Ineffective Assistance of counsel deems a trial proceeding as unjust. An attorney’s conduct on strategy and tactic all make dangerous presumptions of competent and capable performance. Thus, the Supreme Court has recognized the practical Assistance of counsel as mandatory to the sixth amendment guarantee (McMann vs. Richardson, 1970). Knowles vs. Mirzayance, 2009, in the ineffective ruling Assistance of counsel, it can be used to reverse a ruling deemed unfair if it were different. For death penalty cases, the standards are even higher. In a case with gross misconduct with defense attorney failing to investigate the defendant’s troubled background, new sentencing was ordered (Wiggins v. Smith, 2003). Practical Assistance of counsel incorporates court trials and pretrial stages of criminal prosecution, leading to plea bargain resolution. Missouri vs. Frye and Lafler vs. cooper signaled a shift in sixth amendment jurisprudence to encompass the plea bargain as part of the criminal justice system.
Victim Impact Statements are information oral or written of crime impact on the victim. These statements are used to convince the court to give severe sentences, although appeals for leniency happen occasionally. Victims offering their statements during trial usually should not uninterrupted. In two instances, Booth vs. Maryland (1987) and South Carolina vs. Gathers (1989), the court deemed unconstitutional victim impact statements for capital cases. Victim impact statement imposed an unacceptable risk of jury unjustly giving a death penalty. Prosecutors swaying the jury emotionally for a death penalty after the victim’s grandmother offered an emotional victim impact statement (Payne vs. Tennessee, 1991).
U.S supreme held that ‘on the scene assessment of probable cause person arrested should be arraigned before a magistrate for judicial determination of the probable cause. Initial Appearance is also referred to as initial hearing or Gerstein hearing, which statutes offer it should be immediately. In the county of riverside vs. McLaughlin (1981), the Supreme Court allows this to should happen within 48 hours after warrantless arrest.

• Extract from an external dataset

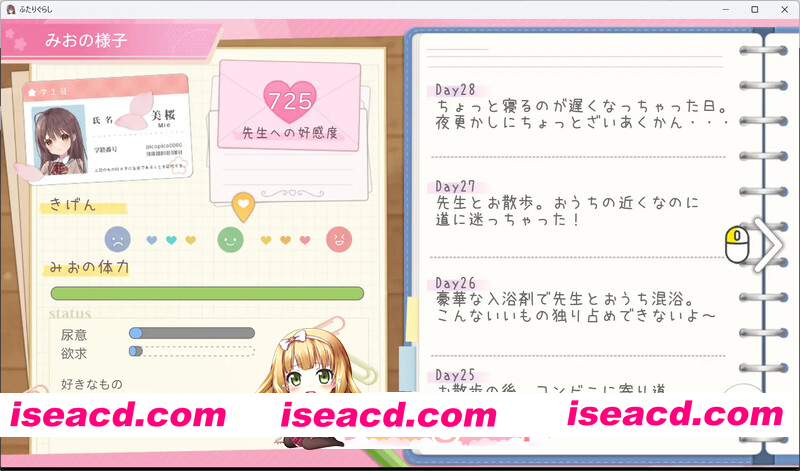 社团名:#PICOPICOSOFT 贩卖日:2025年04月25日 0点 标签:#精品,动态,同居,触摸,抚摸 游戏概要 《两人同居》是一款面向成人的同居生活 SLG·ADV 游戏, 讲述了因故投靠”你”的亲戚少女美绪共同生活的故事。 角色介绍 美桜(みお) CV:小波すず 因宿舍火灾为契机开始与”你”同居的女孩。 性格内向且就读女校的缘故,尚未有过恋爱经历。 初恋也未曾有过。当然是处女。 目前还未找到能热衷的兴趣爱好。 是个与你共同生活的纯真无暇、如白纸般的女孩。 玩法说明 主要分为两种玩法: 通过对话和触摸增进与美绪亲密度”生活模式”, 以及点击触摸各部位的”触摸模式”。 休息日可在家玩游戏,或前往各种场所约会。 全屏模式+全语音的 H 场景也很多 ・哺乳手交 ・早晨出门前穿着制服的美绪在厨房站立后入 ・肛交 ・早安口交 ・牵手正常位 ・乳交 ・夜晚公园露天性爱 ・自慰 ・让不懂足交的美绪尝试足交 ・工作中欲火难耐要求发送色情自拍 ・约会后回家路上忍不住在暗处让她手淫射精 ・电车里对穿制服的美绪…兴奋的痴○游戏 ・婚礼 与穿婚纱的新娘在休息室…也有相当激烈的色情场景 ・用窥阴器检查处女膜 直接对着窥阴器撑开的处女阴道子宫内射 ・清理包皮垢深喉 ・让美绪骑脸 ・浴室放置跳蛋连续高潮 虽然不是色情但温馨场景也有很多 ・浴室偶遇 ・洗手间偶遇 ・水族馆约会 ・偶然撞见换衣服 ・游乐园约会坐摩天轮 ・两人共浴 ・照顾感冒的美绪 用湿毛巾擦拭后背 ・在咖啡厅露台互相喂食芭菲 ・路边摊吃关东煮 ・一起玩卡牌游戏 ・宅物商店购物 除此之外还有很多 因为数量多才让人开心 ■ 更新履历 v1.60 内容追加 ・场景No.70「线香花火」 ・场景No.71「纪念摄影!」 ・满足条件后与美绪的触摸对话中新增○×游戏(三子棋) ・场景No.72「捏脸颊」 ・场景No.73「夜晚的教室」 ・场景No.74「夜晚的教室H」 ・场景No.45「可疑的保健品」中新增美绪更加缩小的场景 ・回家路线新增玄关口交迷你事件 ・触摸互动中脱下的内衣(胸罩/内裤)会显示在画面上 其他调整 ・细微动作及文本修正 ・新增事件对应日记文本扩充 ・为后续追加内容进行的内部调整 ■ 更新履历 v1.633 ・ 触摸互动部分仰躺姿势时,因蘑菇图标导致的异常触碰判定问题 ・ 修正触摸互动部分中,口内射精时画面显示异常的问题 ・ 修正平日”绕道”事件购买避孕套时,作为赠品获得物品后获取标记未能正常更新的问题 ・ 其他细节修正 资源下载下载价格VIP专享仅限VIP下载升级VIP立即购买 常见问题 解压密码错误?点击查看》PS:如果提示密码错误,推荐使用Bandizip解压或修改后缀为zip 有些人是因为解压密码复制错误,请手动扩选解压密码,不要直接点复制。

Commonly called the Brady rule, the U.S Supreme Court held that suppression of moderate evidence, after a request by accuse, by the prosecution deemed as a violation of due process (Brady vs. Maryland, 1963). The prosecution is under no obligation to give anything deemed exculpatory information. The Brady rule only applies to relevant evidence. A reasonable probability is required for any exculpatory evidence to be provided.
An offender pleads guilty to criminal charges with intent to receive leniency from the state is the process of plea bargaining. The plea bargain can be charge bargaining, sentence bargaining, or count bargaining. Count bargaining is where offenders plead guilty for one or more counts in charges, and the prosecutor dismisses the rest of the charges. Secondly, charge bargain. The offender pleads guilty to a less severe charge than initially convicted. Sentence bargaining, the defendant’s guilty plea, is in exchange for leniency during sentencing. The defendant is offered a less sentence on the maximum offense penalty.